27 Feb
Reading Beckett via Kit Fine (11)

Psychiatry 

Beckett’s encounter with psychotherapy exposed him to a structural impasse that his writing would never abandon. The therapy revealed a limit built into the relation between speech, self-knowledge, and experience. This is the limit his work keeps returning to as an organising constraint. 

The important point is not that Beckett was analysed, but that analysis itself became, for him, an exemplary site where the promise of articulation encountered its own boundary. What matters structurally is not the biographical detail but the shape of the situation. Psychoanalysis proceeds on the assumption that speech can progressively integrate what is otherwise dispersed or unconscious, that the speaking subject can be made increasingly coincident with what is said. Beckett’s experience unsettles this assumption. Speech does not integrate; it proliferates. Instead of producing coherence, it multiplies corrections, revisions, and hesitations. Instead of grounding the self, it exposes the instability of grounding itself. 

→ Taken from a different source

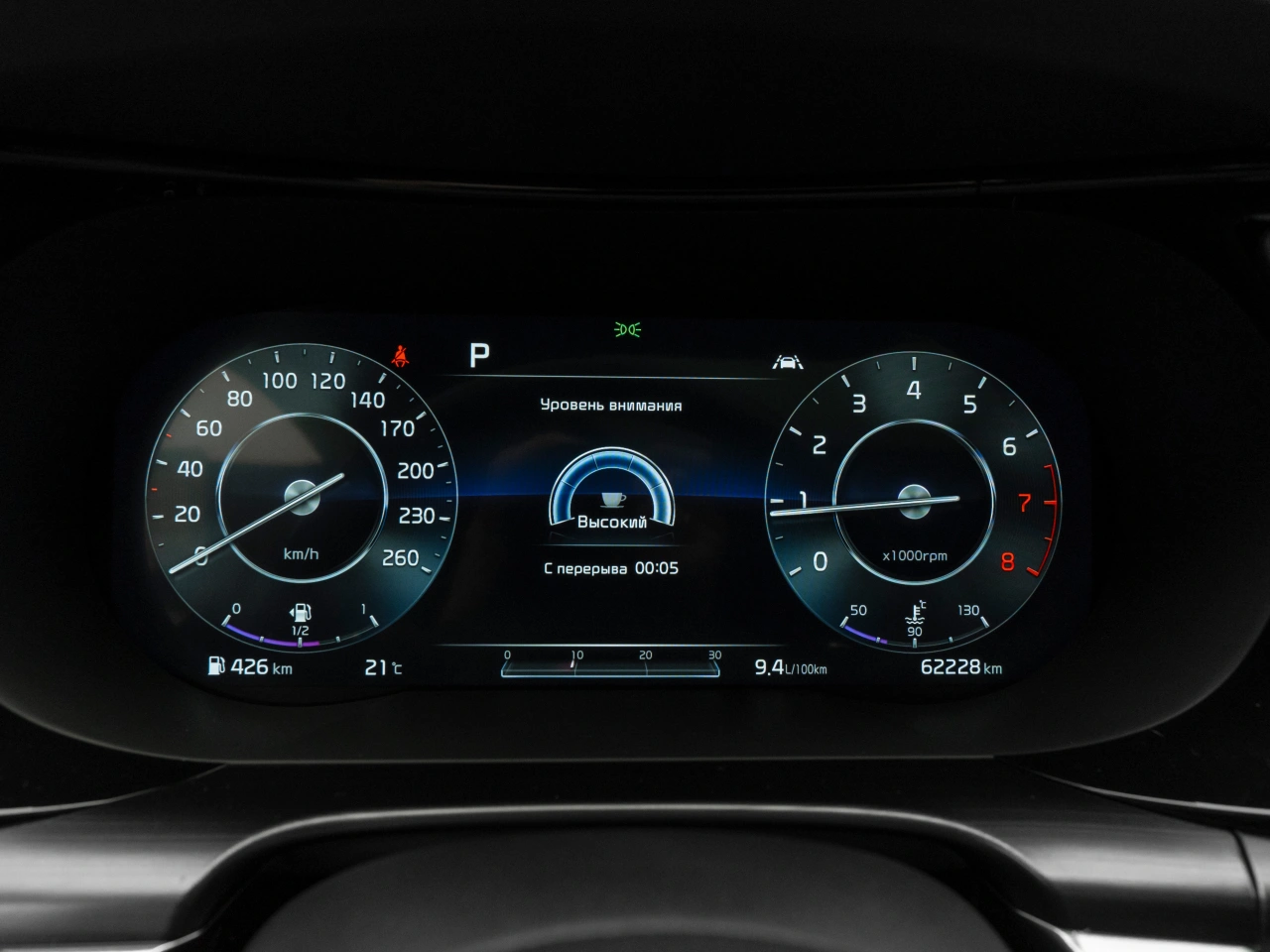 Датчик давления в шинах Датчик усталости водителя Система контроля за полосой движения Система предотвращения столкновения Противотуманные фары

This is why Beckett’s later formulation of language as a veil is so exact. A veil is not a wall. It allows something to show through, but only partially, refracted, distorted, never fully present. Crucially, a veil cannot simply be removed without changing the situation altogether. To tear it away would not reveal a hidden truth but would destroy the very conditions under which anything appears at all. Beckett’s insistence that the task is not to lift the veil but to bore holes in it captures the logic of his art. Each hole allows something through, but the veil remains, and indeed becomes more evident the more it is punctured. This already gives us the basic structure. Individual sentences, images, or voices function as partial perforations. They allow glimpses, not disclosures. What is glimpsed is not a hidden content but the fact that disclosure itself is constrained. The work’s identity is grounded in this constraint. 

It is not a matter of psychological repression or trauma in the ordinary sense, but of a constitutive limitation on what can be said without falsifying the situation. The unconscious here is a structural condition that explains why retrieval cannot complete itself. This becomes especially clear once Beckett engages with ideas of birth trauma and intrauterine regression. These are often treated symbolically, as if the womb were a metaphor for enclosure, safety, or loss. But my reading treats these images as formal devices that impose strict constraints on what counts as an admissible world. 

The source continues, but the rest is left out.